Records to process
___

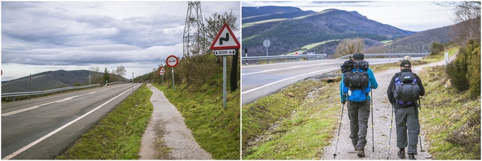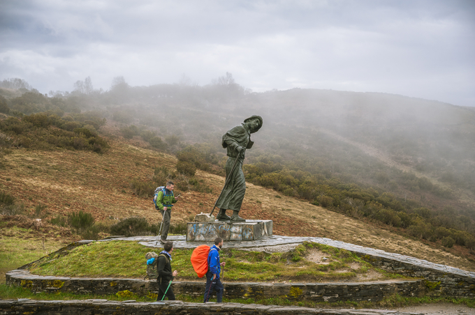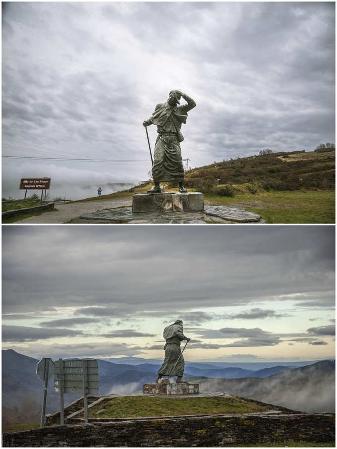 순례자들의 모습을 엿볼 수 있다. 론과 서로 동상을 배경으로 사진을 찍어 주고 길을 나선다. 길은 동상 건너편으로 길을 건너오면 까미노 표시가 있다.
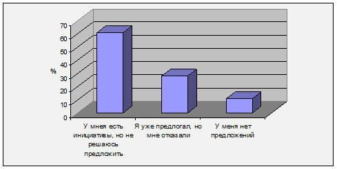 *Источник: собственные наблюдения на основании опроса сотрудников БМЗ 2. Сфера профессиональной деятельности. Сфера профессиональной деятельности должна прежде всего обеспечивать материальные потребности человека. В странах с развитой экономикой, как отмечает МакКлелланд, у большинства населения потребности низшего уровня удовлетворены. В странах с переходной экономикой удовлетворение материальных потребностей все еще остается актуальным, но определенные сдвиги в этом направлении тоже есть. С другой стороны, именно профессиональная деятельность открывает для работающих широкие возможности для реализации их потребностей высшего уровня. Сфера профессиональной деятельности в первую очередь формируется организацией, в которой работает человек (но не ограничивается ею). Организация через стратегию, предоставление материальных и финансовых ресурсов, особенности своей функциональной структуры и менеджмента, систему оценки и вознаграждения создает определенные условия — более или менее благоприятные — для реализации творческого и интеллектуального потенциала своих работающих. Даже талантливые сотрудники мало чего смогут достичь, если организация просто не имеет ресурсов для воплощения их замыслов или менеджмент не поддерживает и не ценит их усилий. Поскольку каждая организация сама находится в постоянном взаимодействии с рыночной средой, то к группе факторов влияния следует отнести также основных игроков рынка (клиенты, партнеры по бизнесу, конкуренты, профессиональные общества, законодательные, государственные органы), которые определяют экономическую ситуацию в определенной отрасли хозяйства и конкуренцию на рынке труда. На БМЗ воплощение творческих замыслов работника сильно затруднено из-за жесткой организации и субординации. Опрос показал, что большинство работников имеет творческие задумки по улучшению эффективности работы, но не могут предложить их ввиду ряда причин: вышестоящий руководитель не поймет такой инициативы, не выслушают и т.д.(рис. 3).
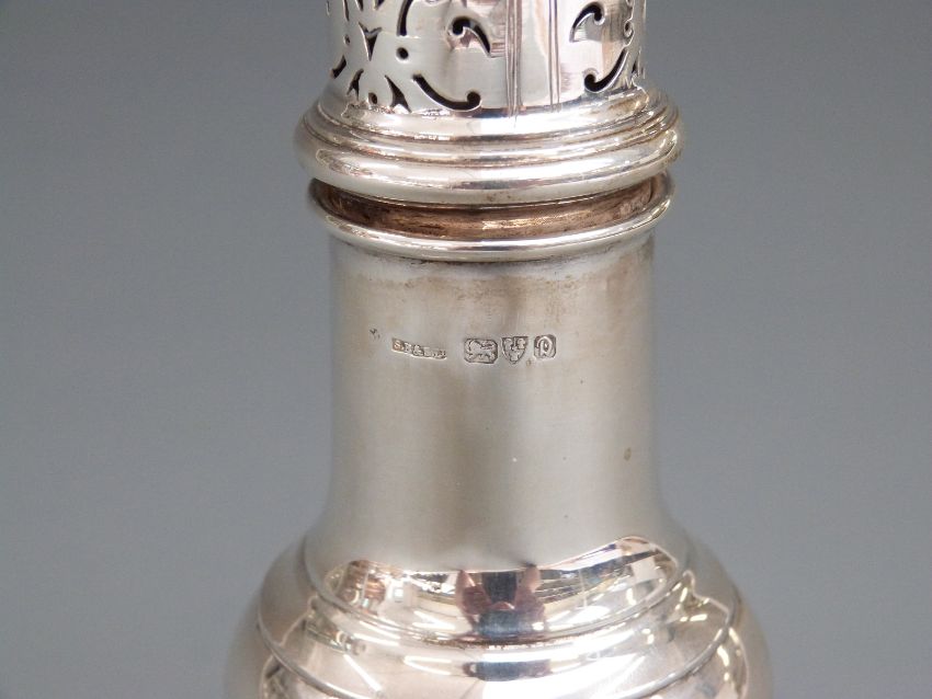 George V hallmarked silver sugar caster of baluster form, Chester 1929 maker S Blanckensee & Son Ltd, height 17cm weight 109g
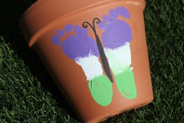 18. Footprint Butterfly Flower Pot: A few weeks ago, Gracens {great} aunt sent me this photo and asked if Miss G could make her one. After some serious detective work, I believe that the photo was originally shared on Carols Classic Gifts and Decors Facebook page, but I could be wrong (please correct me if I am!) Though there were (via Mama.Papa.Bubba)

___

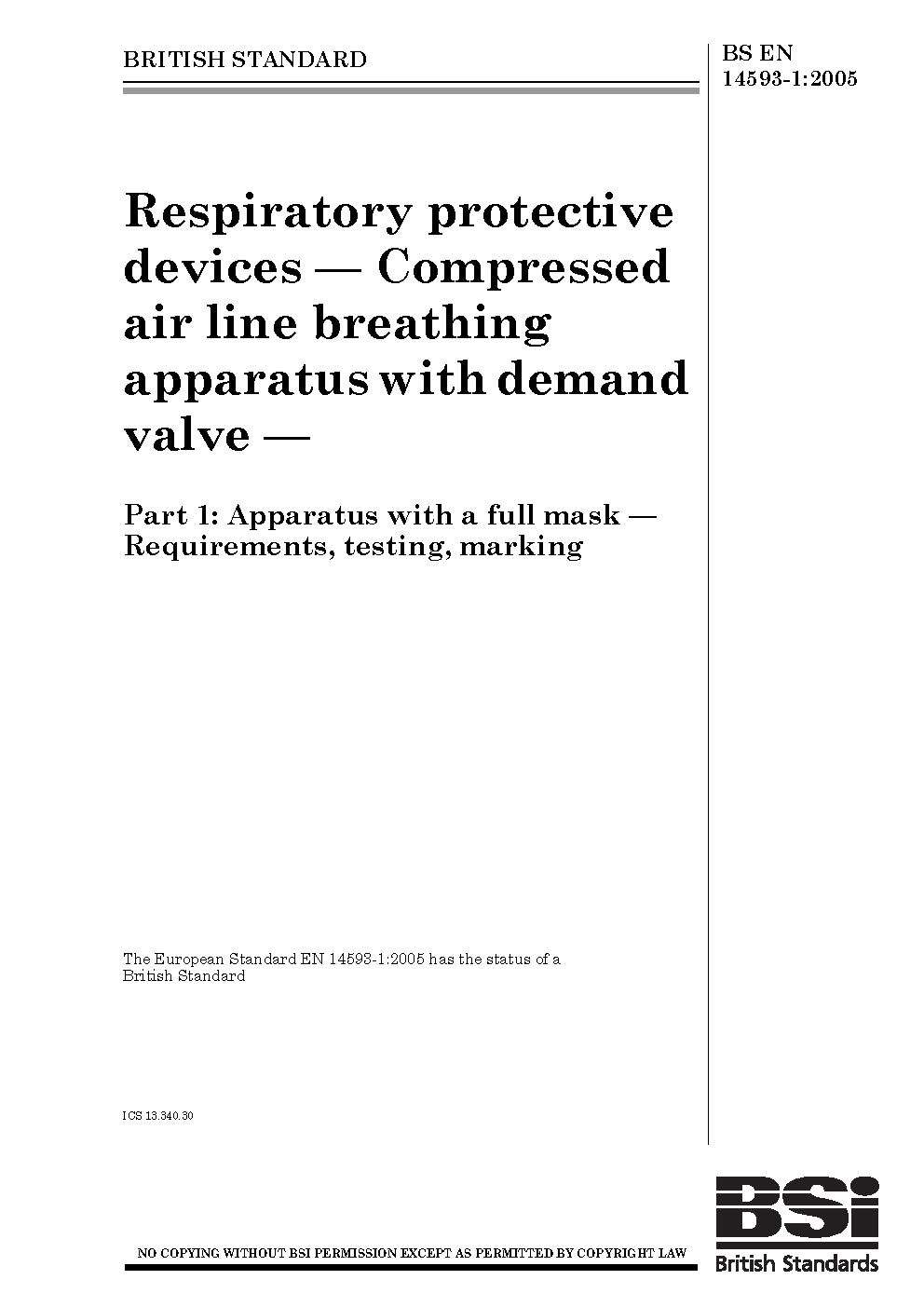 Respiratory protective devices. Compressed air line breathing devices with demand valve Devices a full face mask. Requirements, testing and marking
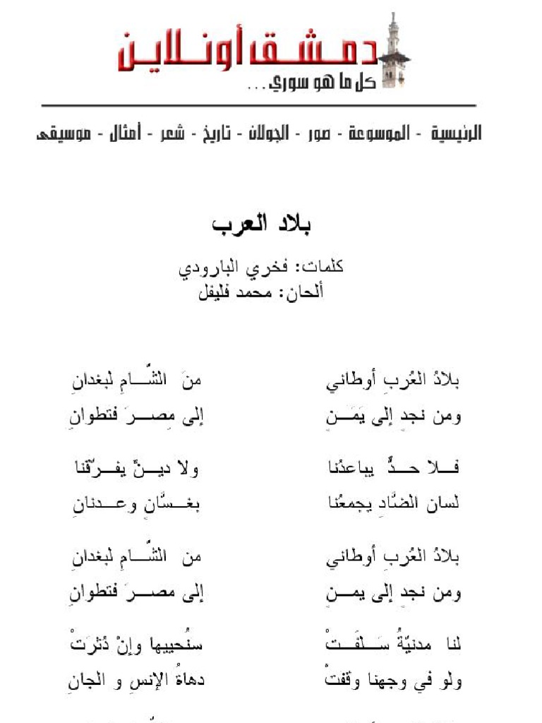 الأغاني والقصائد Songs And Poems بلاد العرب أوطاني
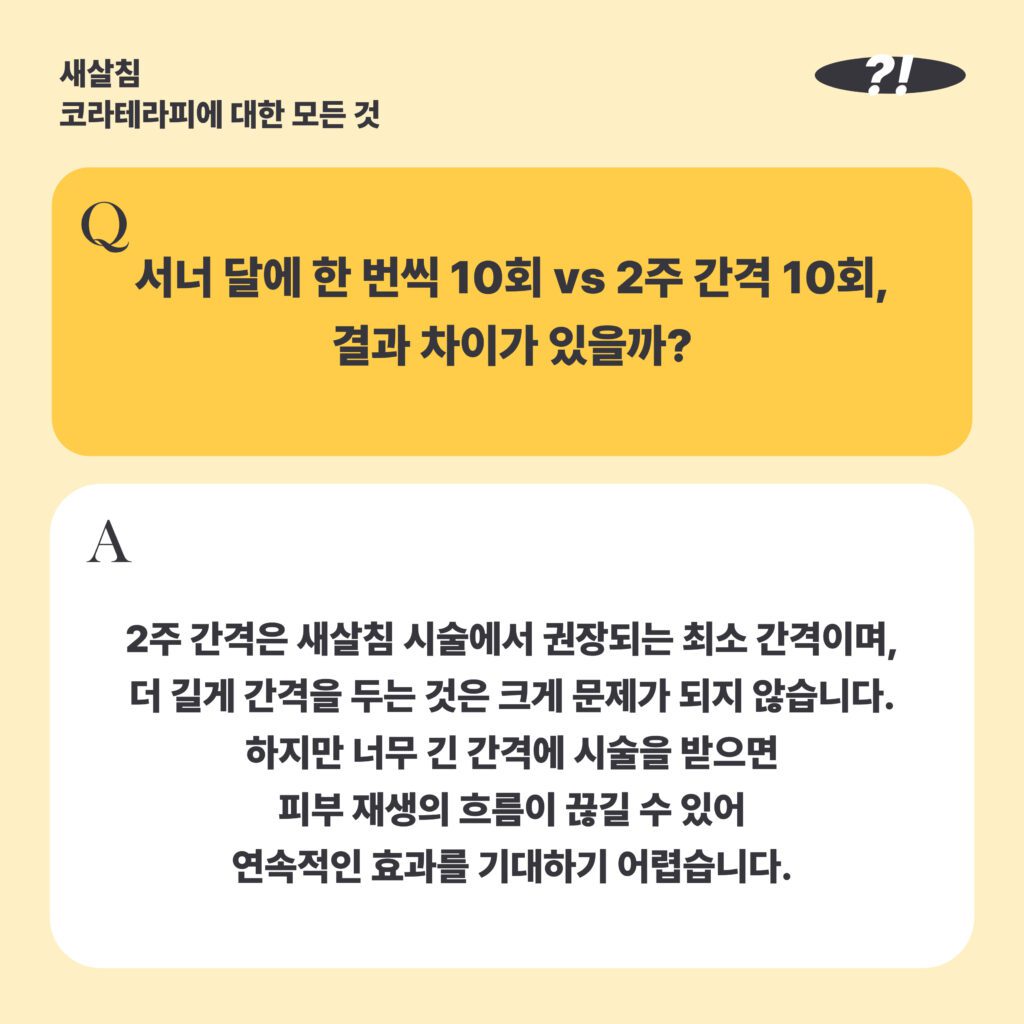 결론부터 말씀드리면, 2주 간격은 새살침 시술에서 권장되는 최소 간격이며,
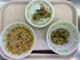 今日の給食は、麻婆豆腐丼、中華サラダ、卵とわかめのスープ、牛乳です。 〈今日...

___

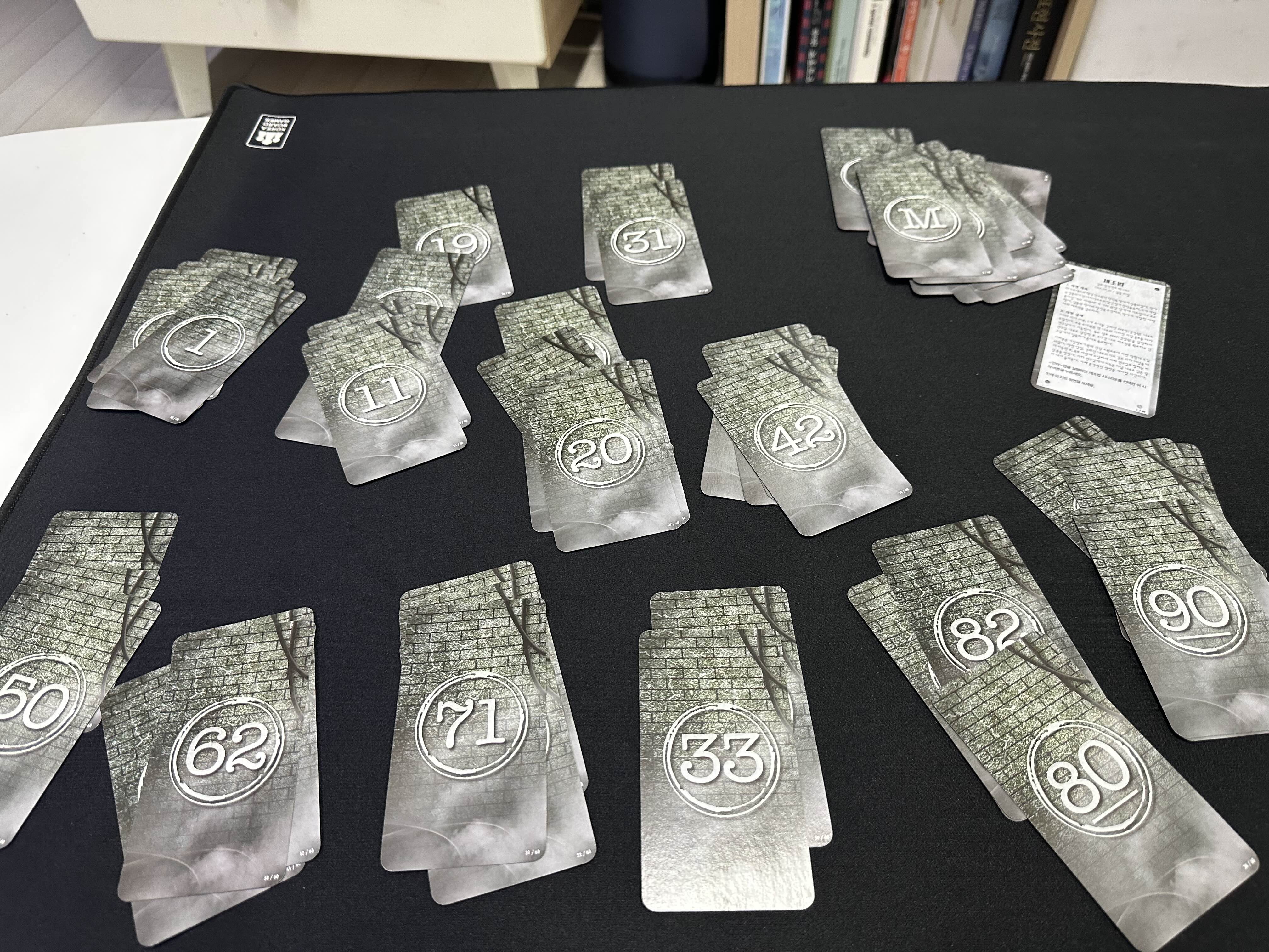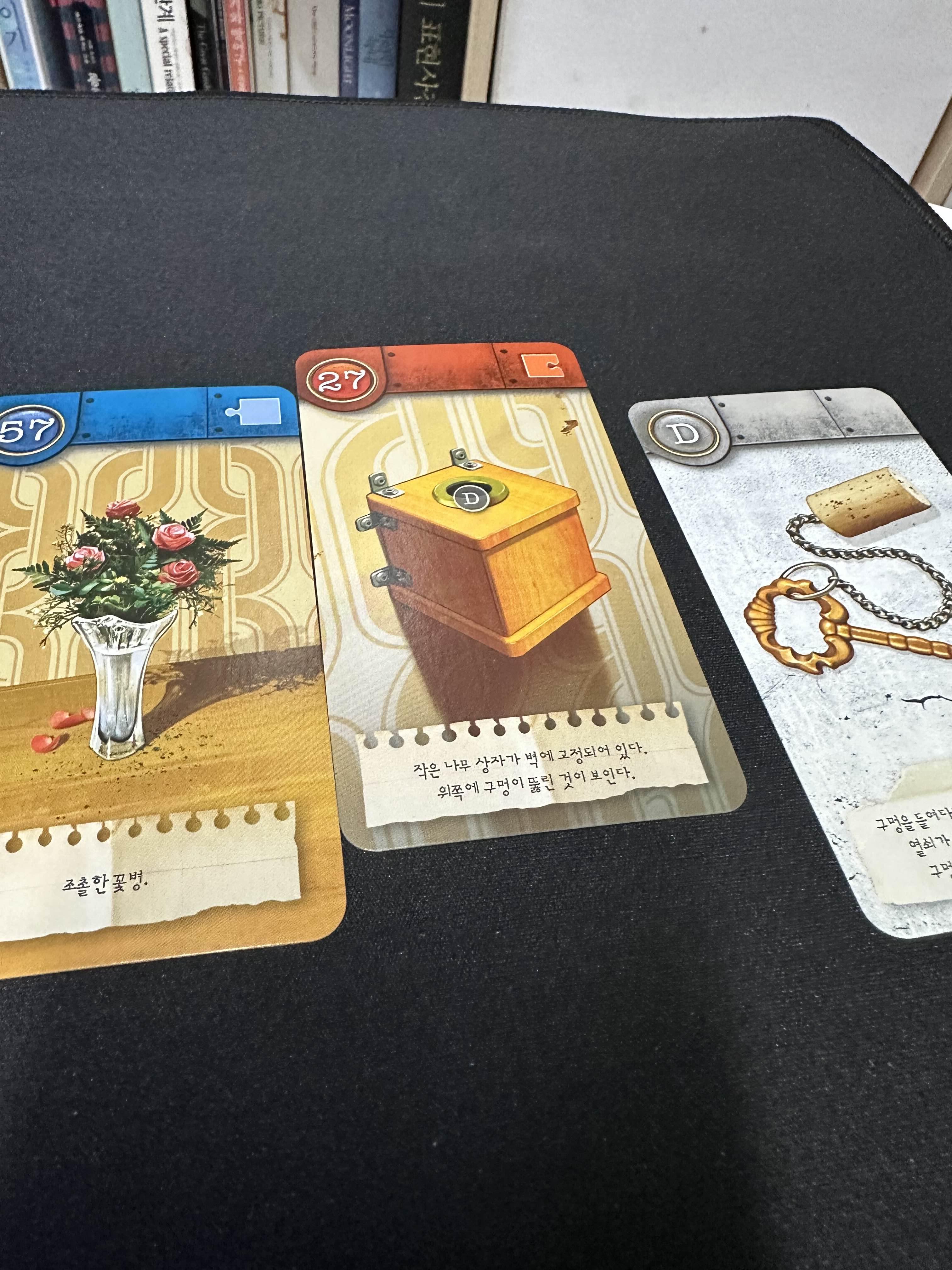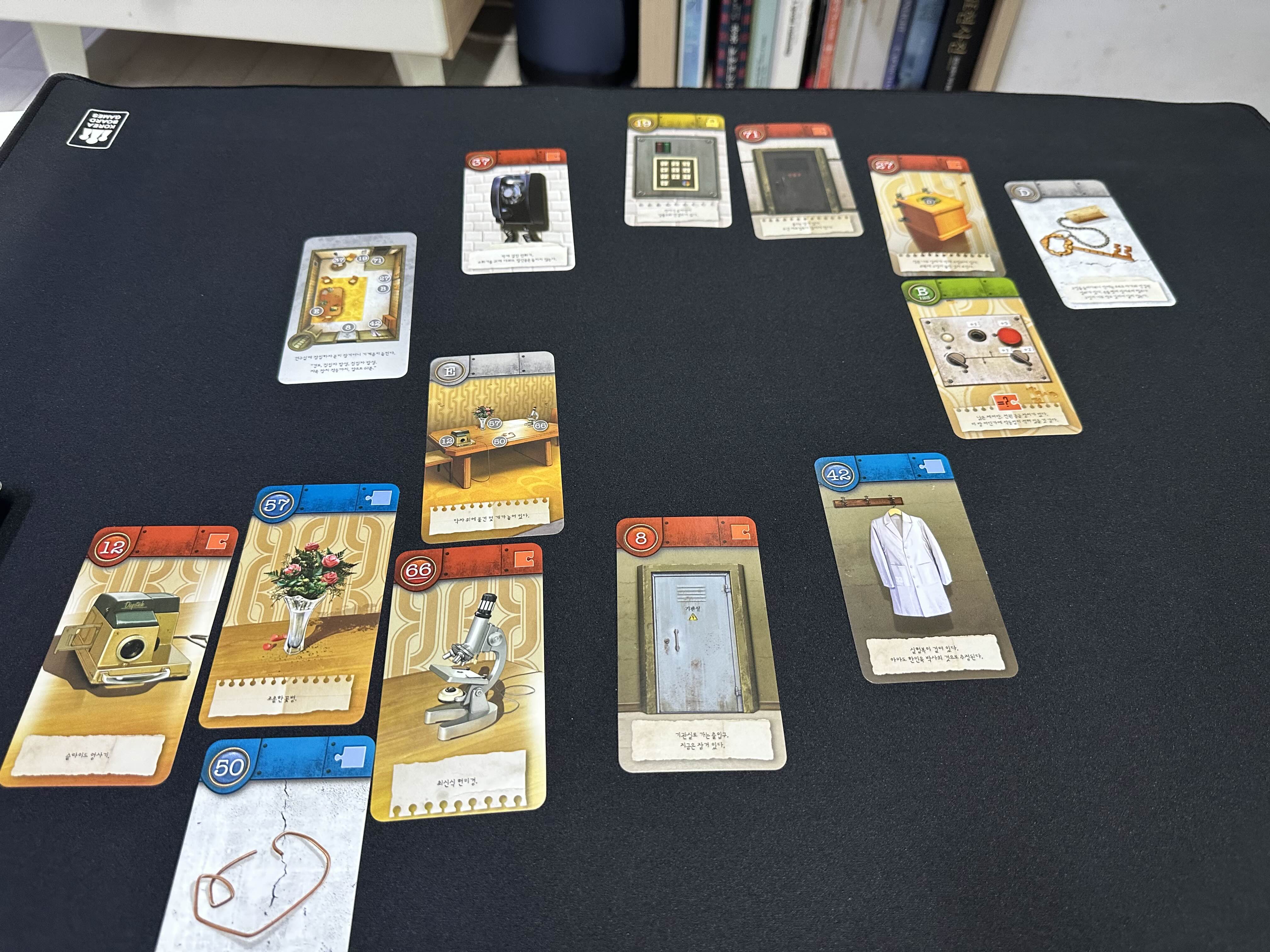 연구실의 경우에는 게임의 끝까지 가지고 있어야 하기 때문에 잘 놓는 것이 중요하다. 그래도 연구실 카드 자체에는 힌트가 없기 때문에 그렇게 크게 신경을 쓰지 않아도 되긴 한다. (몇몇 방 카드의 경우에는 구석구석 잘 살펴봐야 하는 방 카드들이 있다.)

___

Exercise description
Pictures in the entries do not go into the copy. Print only the lines starting at the one containing "결론부터 말씀드리면, 2주" and ending at the one containing "今日の給食は、麻婆豆腐丼、中", exactly as they appear.

Written response
 결론부터 말씀드리면, 2주 간격은 새살침 시술에서 권장되는 최소 간격이며,
 今日の給食は、麻婆豆腐丼、中華サラダ、卵とわかめのスープ、牛乳です。 〈今日...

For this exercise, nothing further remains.